The formula that relates frequency (f) and length (l) of a vibrating string is:
f = v / (2 * l)
Where f is the frequency, l is the length, and v is the wave speed.
In this case, the length of the unfingered string is given as l = 65 cm (converted to meters by dividing by 100).
The wave speed v is determined by the tension and mass per unit length of the string. Since these remain unchanged as indicated in the question, we can consider v as a constant for our calculations.
To determine the positions x of the first six frets, we can use the ratio of frequencies of neighboring notes from the equally tempered chromatic scale, which is given as 2^(1/12).

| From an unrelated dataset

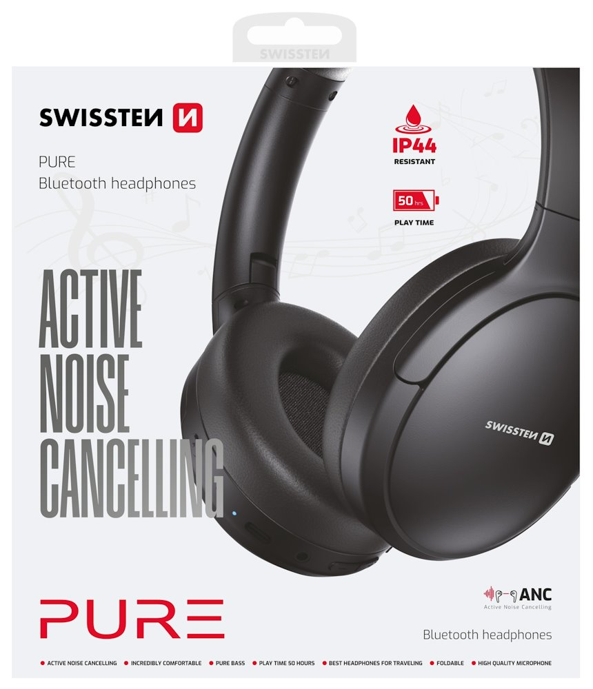 Náhlavní headset SWISSTEN PURE pro poslech hudby, ozvučení multimédií i komfortní telefonní hovory. Sluchátka jsou vybavena velkými náušníky a funkcí ANC, která slouží k aktivnímu potlačení okolního hluku. Můžete se tak naplno ponořit do poslechu, aniž by vás okolní svět rušil. Pro připojení slouží standardní 3,5mm audio port, a především technologie Bluetooth pro bezdrátovou konektivitu se smartphonem, tabletem nebo notebookem a poslech bez limitujícího kabelu.

Starting with the unfingered length, we can calculate the frequency for each fret using the formula:
fret frequency = unfingered frequency * (2^(1/12))^fret_number
Where fret frequency is the frequency of the note produced by the specific fret, unfingered frequency is the frequency of the unfingered open string, fret_number is the fret number (1 for the first fret, 2 for the second fret, and so on).
We can calculate the frequencies for the first six frets using this formula. Then, to find the position x for each fret, we can rearrange the formula for frequency:
l = v / (2 * f)
and solve for length:
l = v / (2 * (fret frequency))
Substituting the known values for length and frequency, we can solve for the position x.
Repeat this process for each of the six frets to determine their respective positions.